**BRIEF**
Copy the records below exactly, starting at the line that contains "Durch die automatische" and ending at the line that contains "Samuel Higgs /"; leave out any pictures.

**SUPPLIED DATA**
● ● ●
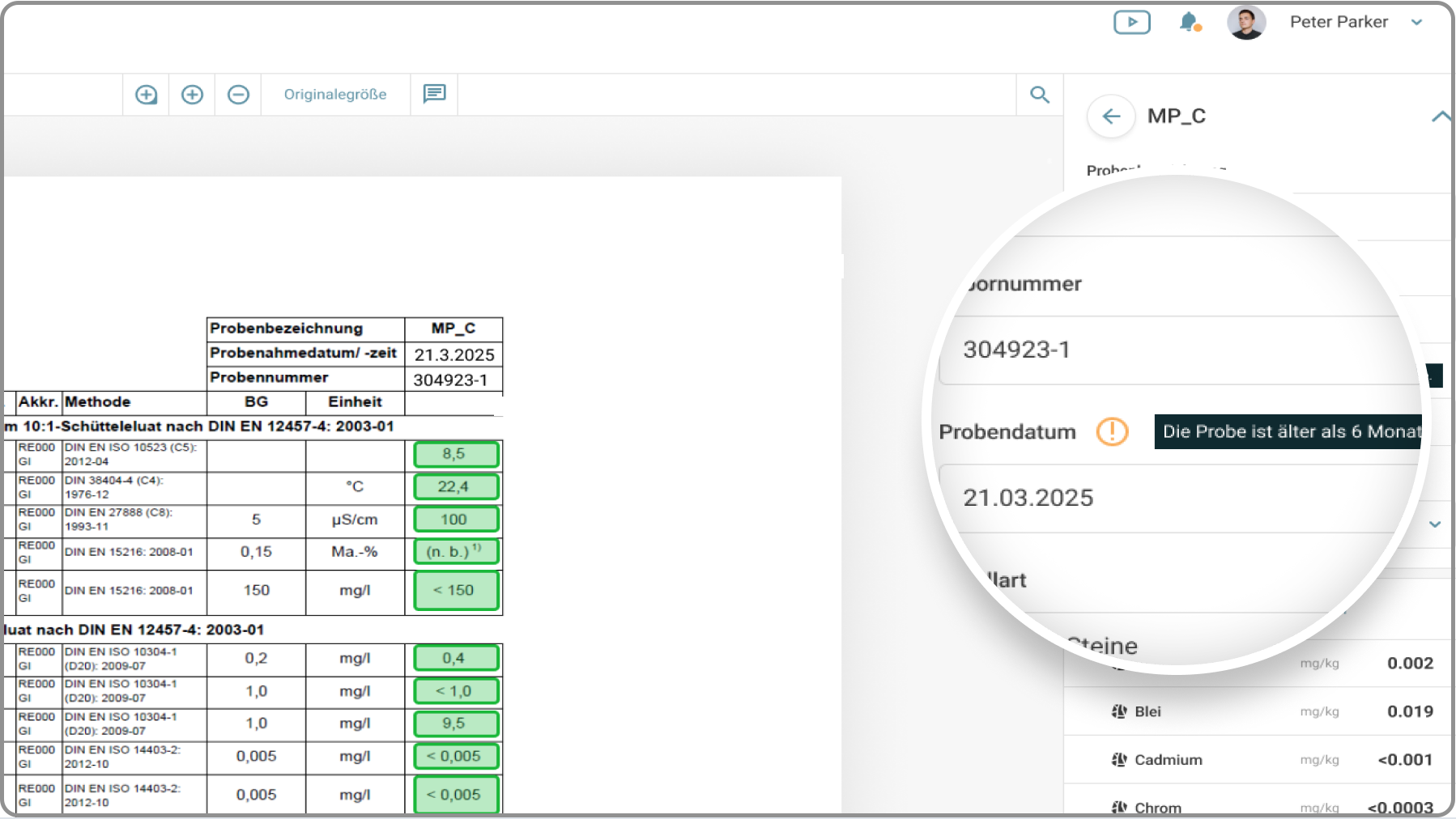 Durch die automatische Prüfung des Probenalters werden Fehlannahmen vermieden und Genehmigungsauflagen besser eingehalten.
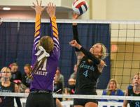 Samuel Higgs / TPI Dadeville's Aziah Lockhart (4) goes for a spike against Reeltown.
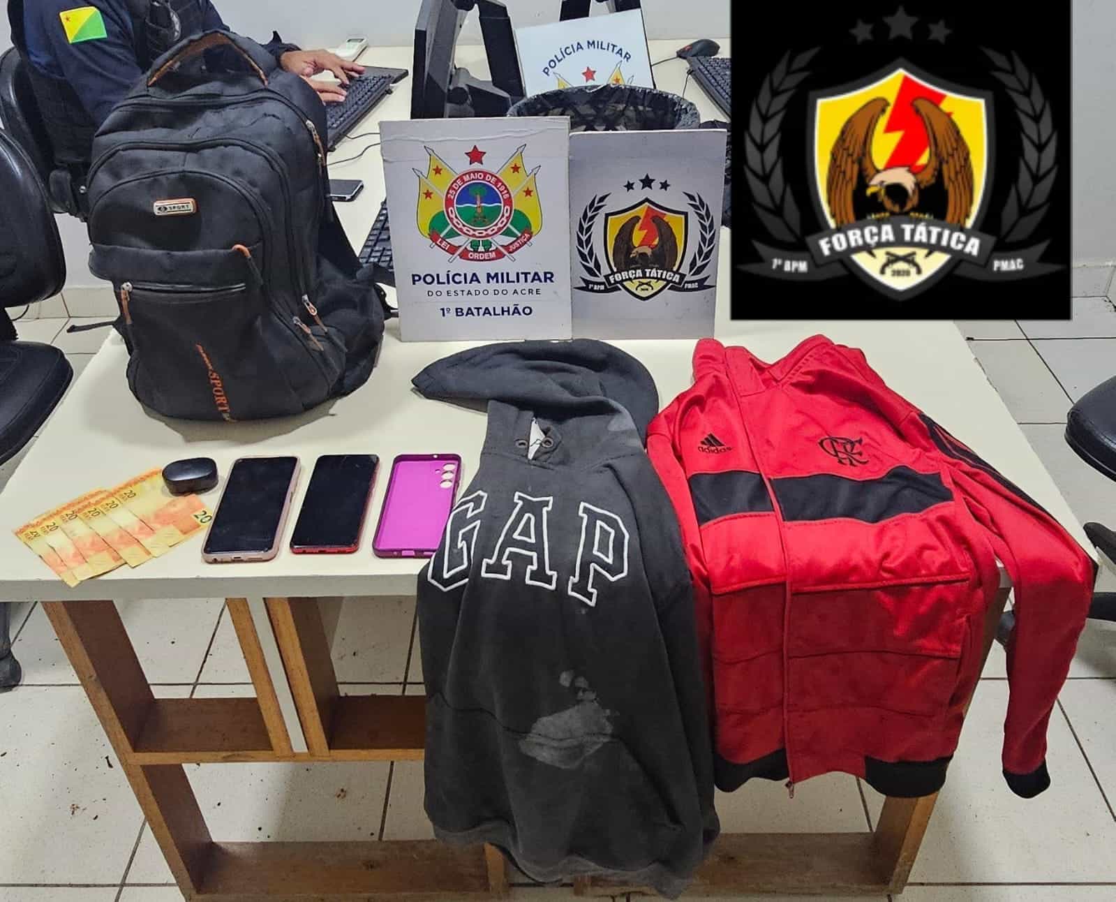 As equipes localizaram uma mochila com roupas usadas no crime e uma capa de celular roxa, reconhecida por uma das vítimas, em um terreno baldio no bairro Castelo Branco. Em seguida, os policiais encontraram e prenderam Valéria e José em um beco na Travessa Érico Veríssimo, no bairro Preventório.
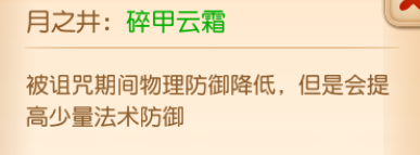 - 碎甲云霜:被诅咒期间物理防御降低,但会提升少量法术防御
● ● ●
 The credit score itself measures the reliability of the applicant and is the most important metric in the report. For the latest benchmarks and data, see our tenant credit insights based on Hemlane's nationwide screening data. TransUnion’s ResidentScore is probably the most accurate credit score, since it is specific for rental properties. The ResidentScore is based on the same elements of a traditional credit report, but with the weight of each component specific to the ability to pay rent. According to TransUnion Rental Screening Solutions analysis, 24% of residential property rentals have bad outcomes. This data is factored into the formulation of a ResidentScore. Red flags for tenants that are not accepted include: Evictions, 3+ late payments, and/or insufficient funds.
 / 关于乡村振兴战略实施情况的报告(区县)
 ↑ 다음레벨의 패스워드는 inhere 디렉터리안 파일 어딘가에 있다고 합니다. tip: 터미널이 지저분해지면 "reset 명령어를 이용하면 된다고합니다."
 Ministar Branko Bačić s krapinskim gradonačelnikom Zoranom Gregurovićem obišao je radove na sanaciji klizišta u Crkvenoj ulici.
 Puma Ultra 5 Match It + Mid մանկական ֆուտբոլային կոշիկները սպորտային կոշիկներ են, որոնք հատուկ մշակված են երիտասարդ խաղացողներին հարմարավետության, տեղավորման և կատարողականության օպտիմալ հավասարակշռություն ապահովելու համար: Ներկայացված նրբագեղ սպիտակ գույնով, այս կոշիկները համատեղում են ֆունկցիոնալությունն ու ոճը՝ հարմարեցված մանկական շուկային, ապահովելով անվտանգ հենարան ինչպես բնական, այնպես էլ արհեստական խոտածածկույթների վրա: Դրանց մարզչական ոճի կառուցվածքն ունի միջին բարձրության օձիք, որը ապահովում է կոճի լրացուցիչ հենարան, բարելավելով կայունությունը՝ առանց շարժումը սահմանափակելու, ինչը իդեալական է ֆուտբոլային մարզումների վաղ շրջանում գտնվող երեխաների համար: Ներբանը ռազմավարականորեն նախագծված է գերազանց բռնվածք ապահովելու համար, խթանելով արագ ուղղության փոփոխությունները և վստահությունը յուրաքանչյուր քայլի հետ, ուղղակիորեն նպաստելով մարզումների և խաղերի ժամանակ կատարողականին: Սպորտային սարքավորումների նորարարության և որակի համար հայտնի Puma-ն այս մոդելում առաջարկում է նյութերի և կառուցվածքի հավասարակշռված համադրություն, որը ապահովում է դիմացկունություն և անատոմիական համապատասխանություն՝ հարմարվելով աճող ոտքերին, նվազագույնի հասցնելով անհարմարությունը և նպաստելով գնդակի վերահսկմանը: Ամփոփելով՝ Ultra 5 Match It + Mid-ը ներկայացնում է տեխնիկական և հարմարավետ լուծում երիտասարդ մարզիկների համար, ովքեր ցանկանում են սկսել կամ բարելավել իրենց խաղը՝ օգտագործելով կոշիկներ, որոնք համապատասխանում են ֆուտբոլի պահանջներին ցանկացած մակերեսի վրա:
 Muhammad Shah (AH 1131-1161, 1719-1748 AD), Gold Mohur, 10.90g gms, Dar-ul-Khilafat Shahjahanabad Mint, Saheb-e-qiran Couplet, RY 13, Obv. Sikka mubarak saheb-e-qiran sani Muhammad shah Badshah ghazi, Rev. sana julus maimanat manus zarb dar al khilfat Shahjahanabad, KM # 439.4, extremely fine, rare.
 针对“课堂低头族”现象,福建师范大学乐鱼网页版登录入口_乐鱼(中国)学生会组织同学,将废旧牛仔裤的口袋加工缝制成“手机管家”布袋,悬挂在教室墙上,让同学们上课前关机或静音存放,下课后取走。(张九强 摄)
● ● ●
**SOLVED PROBLEM**
 Durch die automatische Prüfung des Probenalters werden Fehlannahmen vermieden und Genehmigungsauflagen besser eingehalten.
 Samuel Higgs / TPI Dadeville's Aziah Lockhart (4) goes for a spike against Reeltown.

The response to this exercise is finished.